Hello everyone,
Michael here, and in today’s post, we’ll take a look at how well Tesseract could possibly read a sample of my handwriting.
So far, we’ve tested Tesseract against standard computer-font text, a photo of a banner with text, and a common US tax document. Aside from the standard computer-font text, Tesseract didn’t work well with either the banner or the tax document.
However, can Tesseract work well with reading my handwriting? Let’s find out!
But first, a little pre-processing…
Before we test Tesseract on my handwriting, let’s follow the pre-processing steps we’ve followed for the other three Tesseract scenarios: pip install the necessary packages and import them onto the IDE.
First, the pip installing:
!pip install pytesseract
!pip install opencv-python
Next, let’s import the necessary packages:
import pytesseract
import numpy as np
from PIL import Image
And now, the initial handwriting Tesseract test
Now, upon initial testing, how well can Tesseract read this sample of my handwriting?:

Let’s find out, shall we:
testImage = 'handwriting.png'
testImageNP = np.array(Image.open(testImage))

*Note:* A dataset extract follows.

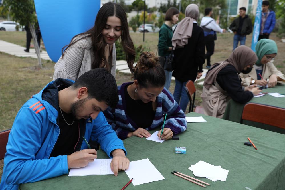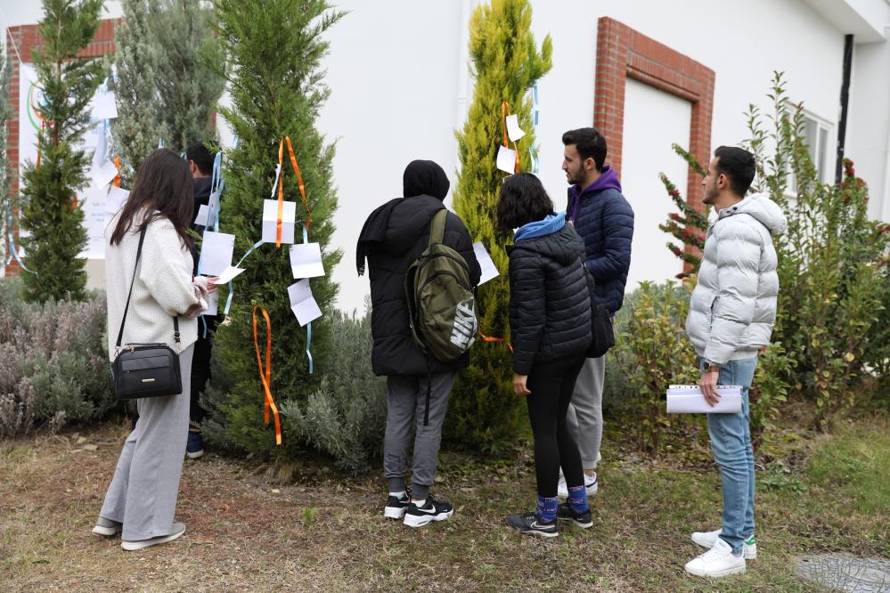 Alanya Alaaddin Keykubat Üniversitesi Kestel Yerleşkesinde 3 Aralık Dünya Engelliler Günü kapsamında farkındalık oluşturmak amacıyla ALKÜ Engelli Eğitim ve Rehabilitasyon Uygulama ve Araştırma Merkezi tarafından ‘Zaman Kapsülü Etkinliği’ düzenlendi. ALKÜ Öğrenci Merkezi önünde düzenlenen etkinliğe ALKÜ Rektör Yardımcısı Prof. Dr. Erdoğan Aslan’ın yanı sıra üniversitenin akademik, idari personeli ile öğrencileri katıldı. Etkinliğin akışı içerisinde katılımcılardan 2030 yılında engelsiz daha güzel bir dünyayı nasıl hayal ettiklerini anlatan bir sayfalık not hazırlanmaları istedi. Hazırlanan notlar daha sonra belirlenen ağaçlara asıldı.

testImageTEXT = pytesseract.image_to_string(testImageNP)
print(testImageTEXT)
Output:
Interestingly, Tesseract didn’t seem to pick up any text. I thought it might’ve picked up something, as the image simply contains black text on a white background. After all, there are no other objects in the image, nor is the information arranged like a document.
Could a little bit of image preprocessing be of any use with this image? Let’s find out!
Preprocessing time!
For this example, let’s try the same technique we used in the other two lessons-thresholding!
First off, let’s grayscale this image:
import cv2
from google.colab.patches import cv2_imshow
handwriting = cv2.imread('handwriting.png')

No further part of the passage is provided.